--- WORK TO COMPLETE ---
In the entries below, find the line with "On his Telegram" and the line with "- 色んな色でお花を描いて水に濡らしたらこんな模様になりました。 >>>"; copy them and every line between them exactly, but not the pictures.

Records from a data collection
BEGIN

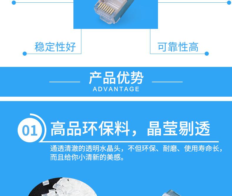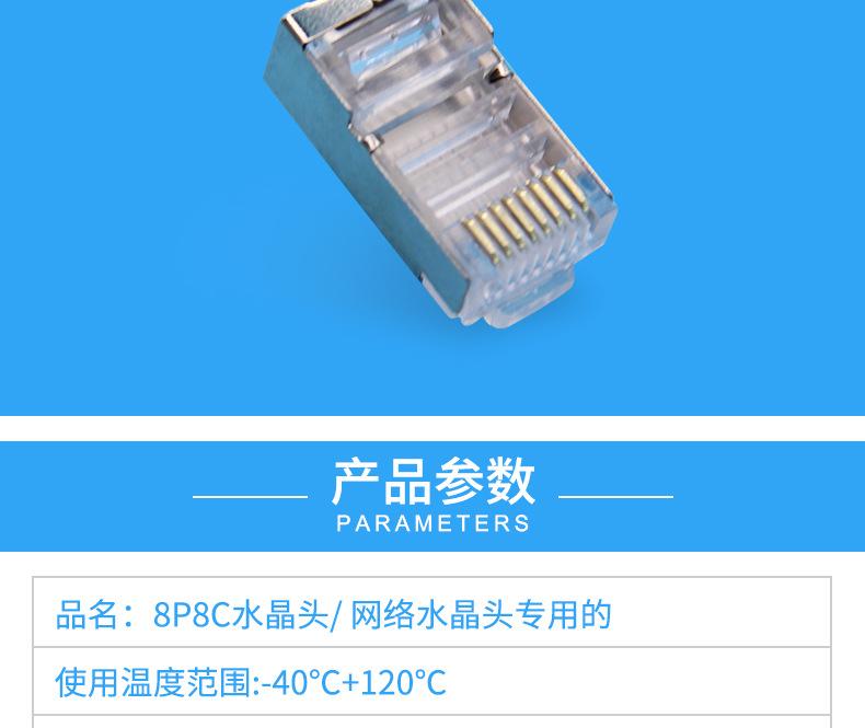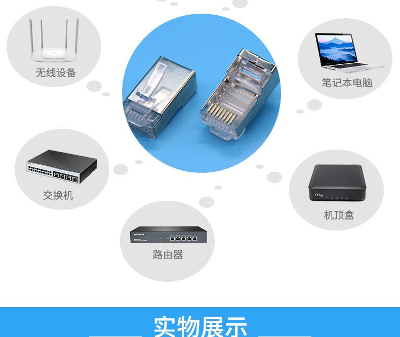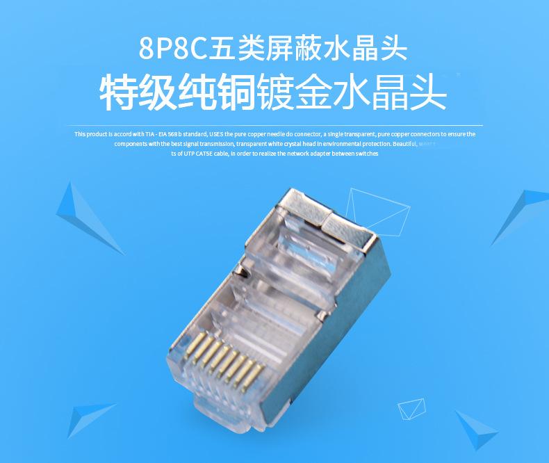 Fuente de fábrica Suministro de cabezal de cristal 8P8C Categoría 5 Cabezal de cristal blindado Cable de red con cabezal de cristal RJ45 Categoría 5 Cabezal de cristal
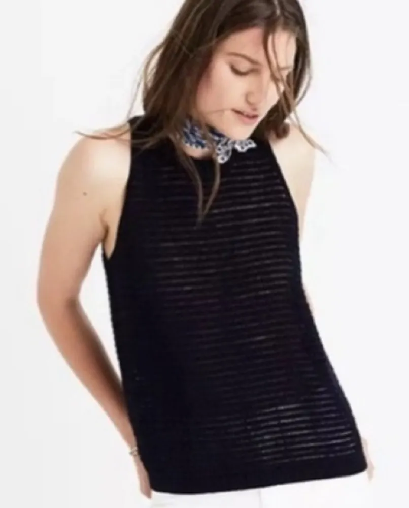 Madewell Camila Openstitch Knit Navy Blue Sleeveless Tank Top 00142 Size XSmall With the look of a... Show more
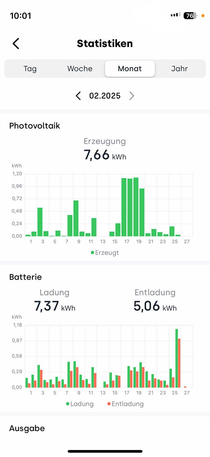Bevor ich über meine bisherigen Erfahrungen spreche, kurz der Hinweis, dass mein aktueller Testzeitraum im Januar begonnen hat und damit nicht die perfekte Zeit für Sonnenenergie darstellt. Im Februar wurde es schon tageweise besser, allerdings kann man die richtigen Ergebnisse wohl erst ab April oder Mai erwarten. Daher werde ich diesen Testbericht später noch um diesen Zeitraum ergänzen.
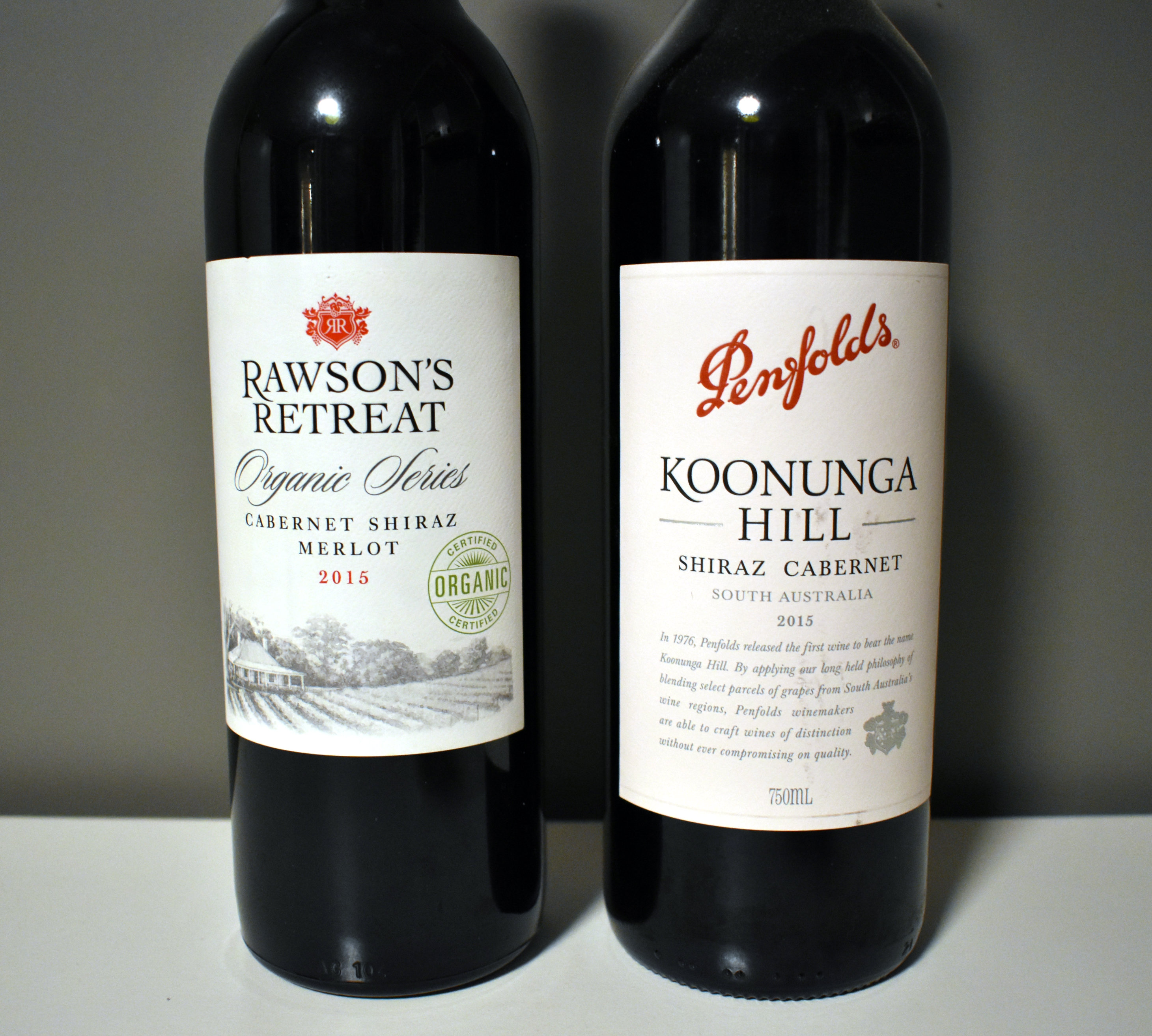I dag tar vi en liten duell mellom Penfolds Koonunga Hill Shiraz Cabernet Sauvignon 2015 og Rawson’s Retreat Cabernet Shiraz Merlot 2016. Det blir ikke en rivende duell mellom to vidt forskjellige produsenter da det er Penfolds som produserer Rawson`s, men en liten indikasjon på hvilken du kanskje bør kjøpe.
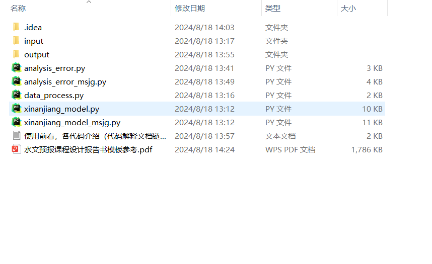 包括新安江模型日模型、次洪模型、评价指标计算、过程线图绘制以及数据筛选等Python源代码,并附上课程设计报告书模板参考,适合新安江模型初学者或者课程设计。
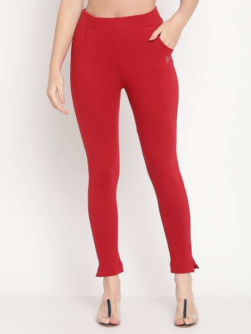 - Brace yourself to adorn the most fashionable leggings of all times available only at LimeRoad from TAG 7 and look glamorous in red colours.
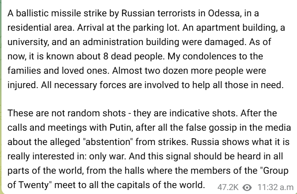 On his Telegram channel, President #Zelenskyy reacts to the latest tragedy.
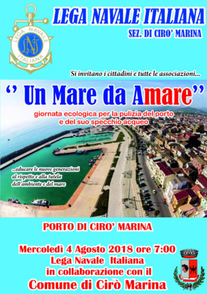 La Lega Navale Italiana – Sezione di Cirò Marina in collaborazione del Comune di Cirò Marina, promuove per il prossimo 4 agosto 2018 alle ore 7,00, NEL PORTO, PER LA PULIZIA DELL’AREA PORTUALE. Spiagge e fondali puliti, è un’occasione che apre a tante possibili sinergie sul
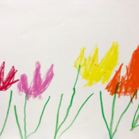 - 色んな色でお花を描いて水に濡らしたらこんな模様になりました。 >>>
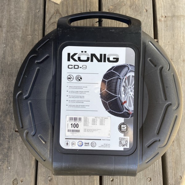 The Thule KÖNIG Easy-FIT CU-9 100 Snow Chains are a set of 2 tire chains designed by the brand Konig. These chains are specifically designed for winter driving conditions, providing traction and stability on snow-covered roads. The Easy-FIT technology ensures quick and easy installation, making it convenient for drivers to equip their vehicle with these chains during winter weather events. With the trusted Konig brand and high-quality construction, these snow chains are a reliable and essential accessory for vehicles navigating icy and snowy terrain. Comes as a pair , see photos

END

--- RESULT FOR THIS EXERCISE ---
 On his Telegram channel, President #Zelenskyy reacts to the latest tragedy.
 La Lega Navale Italiana – Sezione di Cirò Marina in collaborazione del Comune di Cirò Marina, promuove per il prossimo 4 agosto 2018 alle ore 7,00, NEL PORTO, PER LA PULIZIA DELL’AREA PORTUALE. Spiagge e fondali puliti, è un’occasione che apre a tante possibili sinergie sul
 - 色んな色でお花を描いて水に濡らしたらこんな模様になりました。 >>>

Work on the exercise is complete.